Wolcensmen is Capp’s solo project that has been in the works for several years, and was inspired by the acoustic parts of music by the likes of Ulver, Opeth and Empyrium and also by Capp witnessing an Irish folk band playing in a Dublin pub, leading him to reflect that he felt an English version – local pubs etc. with acts regularly performing English folk music – was lacking. Wolcensmen is his answer to that void though, as he says, “…as it happens, the music I’d go on to record had none of the happy, merry-making appeal I’d first envisioned, but anyhow…” I’d venture that Wolcensmen are the English equivalent to the rather super Norwegian act Wardruna who aim to create musical representations of Norse traditions.
“Songs From The Fyrgen” is the debut album from Wolcensmen. The “fyrgen” in the album title refers to mountain woods or a wooded hilltop, so it’s natural that the music contained within should evoke such surroundings. I suppose that the closest his day-job band come to the music found on the record would be something like “Children Of The Stones” (also the title of a super TV series originally broadcast back in 1977) or perhaps “Æfterield-fréon” – both excellent, delicate and atmospheric acoustic pieces.
So it is with this album. Beginning with one of the shortest numbers “Withershins” this is full of acoustic guitars and very natural vocals by the main man, augmented by percussion by Dan & Mark Capp, flute (by American Jake Rogers), some synthesizer (by Grimrik from Germany), piano (by Dries Gaerdelen from Belgium), cello (by Canadian Raphael Weinroth-Browne) and some ritualistic vocals from Norwegian Nash Rothanburg. Despite the multi-national support cast I feel that this record is a very English sounding one.

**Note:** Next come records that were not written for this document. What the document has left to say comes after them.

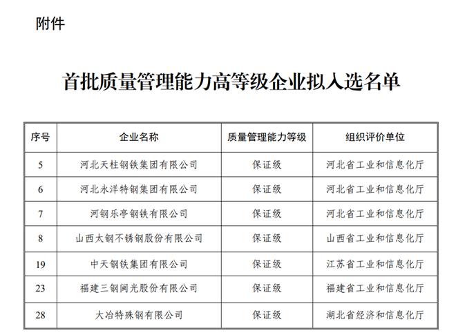 這些鋼企擬入選首批質量管理能力高等級企業
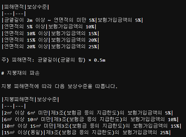 하지만, 파손 / 지붕재 / 전파, 유실 등 일부 텍스트가 사라진 것을 확인할 수 있으며, Markdown에서 표의 형식으로 반환하지도 못한 것을 확인할 수 있습니다. 이는 예시로 사용한 표는 컬럼의 헤더가 존재하지 않아서 그런 것 같습니다.
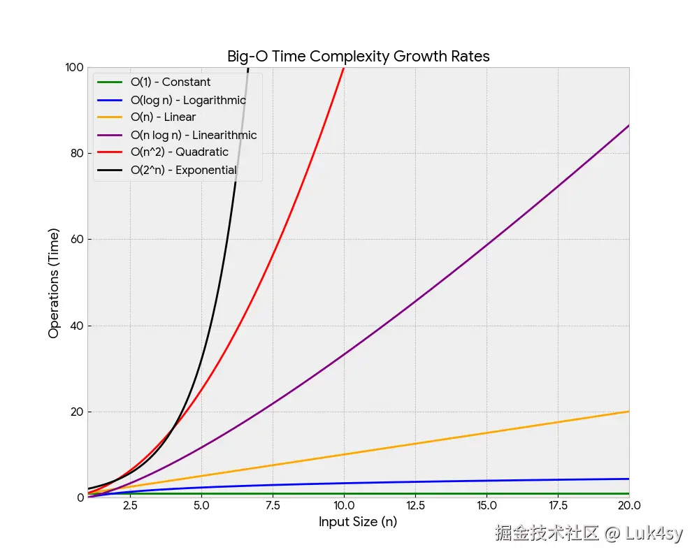 通过上面的两个例子,我们就可以引出时间复杂度了,大 O。时间复杂度通常用大写的 O 来表示,它是一个函数,是一个用来描述算法运行时间在输入规模趋向无穷大时,其增长率的“渐近上界”(即最坏情况下的天花板)的数学记号,“渐近”的意思就表示这个函数不包括低阶项和首项系数,“上界”则表示这个算法的最坏情况也就是表示性能的天花板了。大 O 是一个函数而不是具体时间是因为其实代码的运行时间不单单跟算法的本身有关系,我们还得考虑具体的数据量以及机器的性能。 所以上面两个例子的大 O 分别,O1 = n,O2 = n²,分别表示 O(n) 和 O(n²) 。
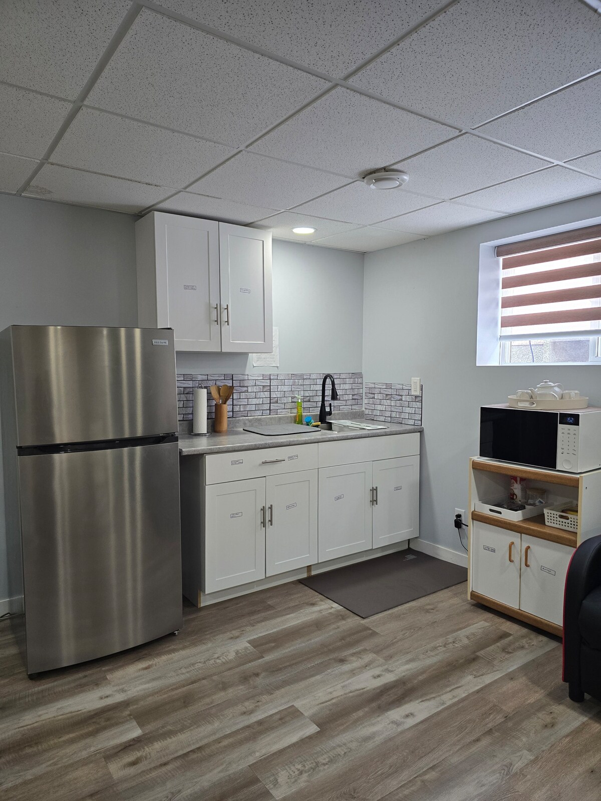 ¡Buscas un lugar de escapada, privado, silencioso y tranquilo! Apartamento de 1 dormitorio en el sótano con un lado de cocina que viene con nevera, microondas, hervidor de agua, cafetera, cubiertos y utensilios básicos para tu uso. La habitación está equipada con un escritorio y una silla de lectura ajustables, una cinta de correr para hacer ejercicio y una cama tamaño queen que es cálida y acogedora para un sueño perfecto. Se proporcionan toallas frescas y limpias. Se encuentra en un entorno sereno de la ciudad con un sistema de autobuses de tránsito funcional.
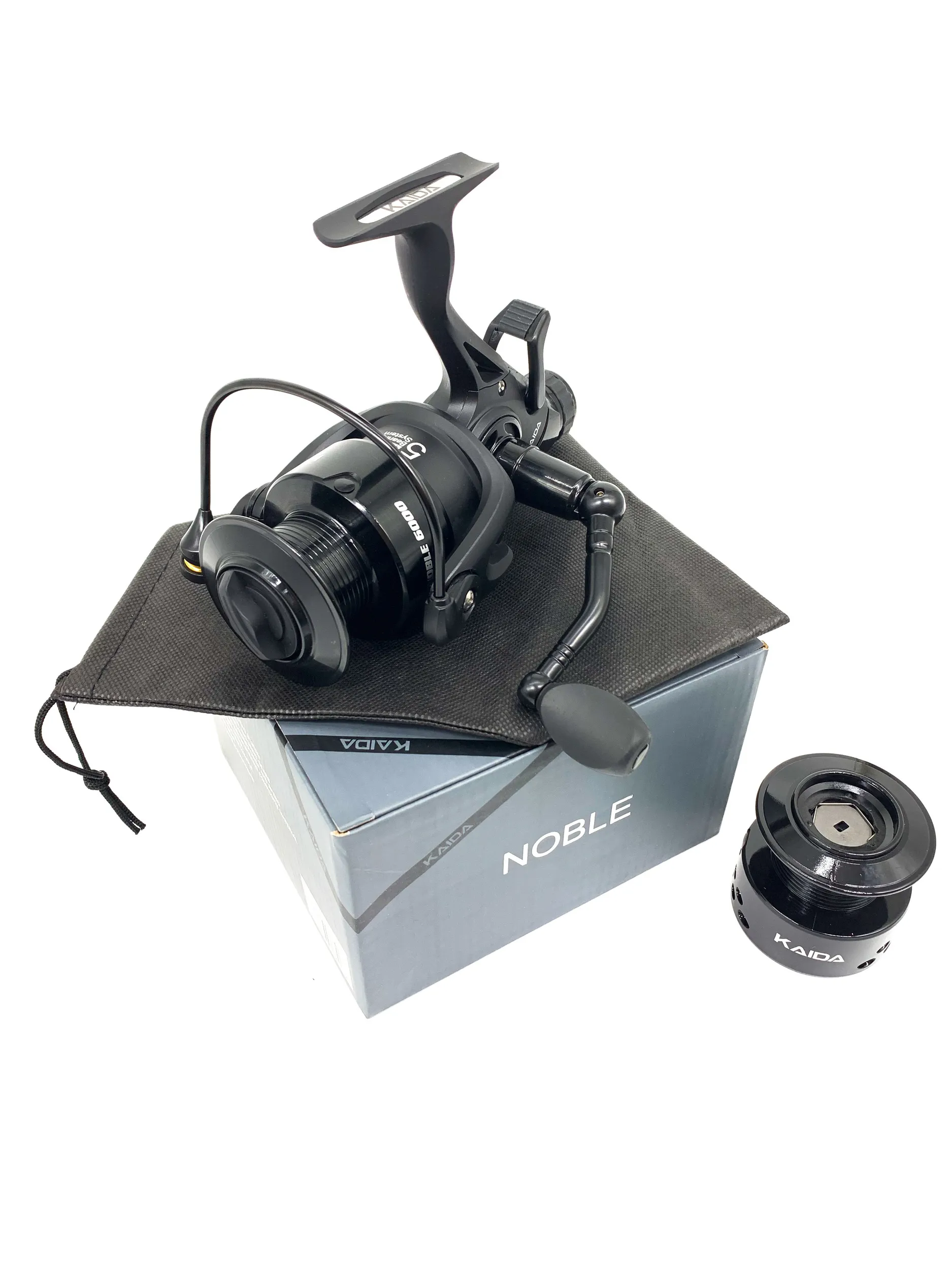 Безынерционная катушка с байтраннером Kaida Noble 6000 — новинка 2022 года от известного бренда Kaida, выполненная с применением современных технологий и материалов. Разработанная ведущими конструкторами с учётом накопленного опыта и пожеланий рыболовов, модель занимает средний ценовой сегмент в линейке бренда, предлагая отличное соотношение качества и стоимости. Катушка собрана качественно с минимально допустимыми люфтами механизма, что обеспечивает плавный ход и надёжную работу под нагрузкой. Эргономичный дизайн и приятные тактильные ощущения делают держание этого аппарата в руках комфортным даже при длительной рыбалке. Система байтраннер позволяет безопасно ловить крупную рыбу, предотвращая потерю снасти при мощной поклёвке.
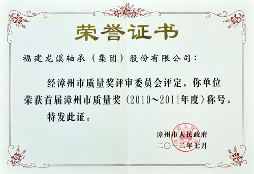 日前,福建龍溪軸承(集團)股份有限公司榮獲首屆漳州市質量獎。據悉,漳州市質量獎每兩年評選一次,首屆漳州市質量獎評選歷時2年,共有10家企業申報。經過組織申報、資格審查、材料評審、現場評審、綜合評價、審定公示等程序,漳州市政府研究決定,授予龍軸等5家企業首屆漳州市質量獎,并予以獎金20萬元。
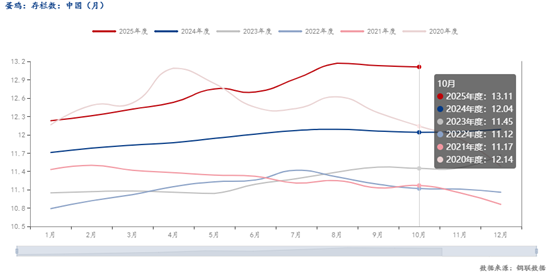 上图可看,据Mysteel统计, 10月全国在产蛋鸡存栏量仍在13.11亿只左右,在产蛋鸡存栏量依旧处在近五年均值高位。从供应面看,11月份新开产蛋鸡多为7月份前后补栏鸡苗,据 Mysteel 鸡苗数据统计显示,7月份补栏环比6月份降幅较大,新开产数量较少,从目前大小码价格也可反映;另一方面屠宰开工率维持较高水平,但屠宰终端走货一般,始终不能满开加速产能去化,但目前从整体淘汰情况来看,淘汰量要高于补栏量,全国蛋鸡总存栏处于缓慢下降趋势,短期来看,淘鸡价格上涨空间不大,随着淘鸡数量的增加以及后市新开产减少,总存栏预计继续下降。
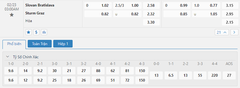 Bảng tỷ lệ kèo bóng đá trận đấu Slovan Bratislava vs Sturm Graz
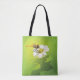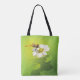 A dragonfly hovering above a white flower. This design looks really effective on this Tote Bag
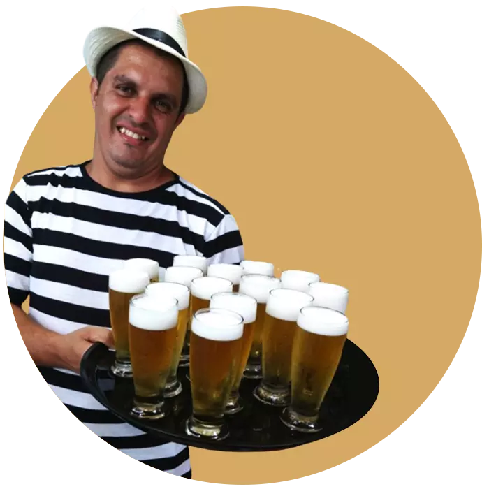 Contamos também com nossa equipe de garçons devidamente uniformizados, estilo botequim antigo. Todos os nossos funcionários, que nos acompanham desde a fundação de nossa empresa, são treinados por nós para um bom atendimento.
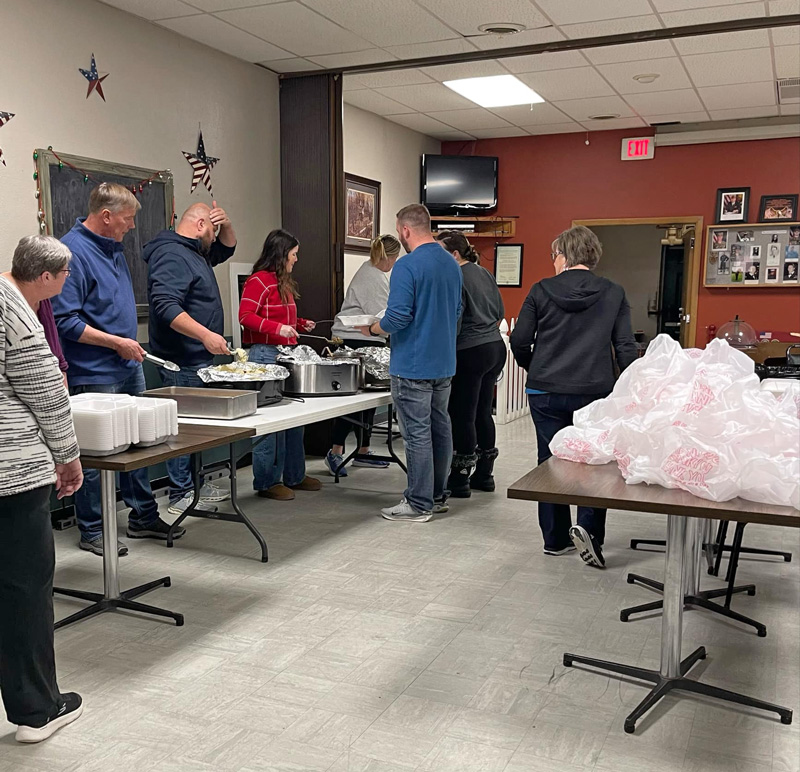 The dinner is completely funded by freewill donations. Gabby emphasized that they never care whether someone pays or not. The donations each year have always covered the cost of the dinner with the remaining funds being distributed to non-profits. 2020 was a tough year for the dinner, but it was also the year that they received the most in freewill donations as many were feeling extra generous. The last few years, the extra funds have been given to the Servicemen’s Club as a thank you for allowing the family to use its kitchen and dining area for free. “If not for them, we wouldn’t be able to do it,” Gabby said. After the 2021 tornado, the money was used to purchase more trees for the park since so many of them had been destroyed. Another year, it was used to help an anonymous family that had been selected by Fillmore Central.

And that was certainly Capp’s intention. He stated in an interview that Wolcensmen is “…specifically a celebration of old England…”. It is also definitely thematically heathen – “…the Heathen aspect is vital, because I am a Heathen and Wolcensmen is essentially a cultural statement. It is meant to be romantic, and I simply can’t see that there’s anything to romanticise about post-Christian England. It was the beginning of our decline. The stories are mine, except for ‘The Mon o’ Micht’, which is lyrically traditional, and ‘Hoofes Upon the Shymmeringe Path’ whose lyrics are based on the names of the horses belonging to the Asa (Aesir) gods, on which they ride across Bifrost, ‘the shimmering path’, to Asgard. My other lyrics are inspired by folk tales, natural phenomena and esoteric concepts…”
“The Fyre-Bough” is up next and is one of the high points of the album for me. Capp’s voice is almost acapella at points here and there are no rock star histrionics, just an understated delivery that sits perfectly with the theme of the music. The cello and flute parts really shine though on this track too. “Sunne”, the album’s briefest track at 2:42, follows and leads into the excellent “Hoofes Upon The Shymmeringe Path” which has the aforementioned Rothanburg intoning ancient Norse poetry in the background.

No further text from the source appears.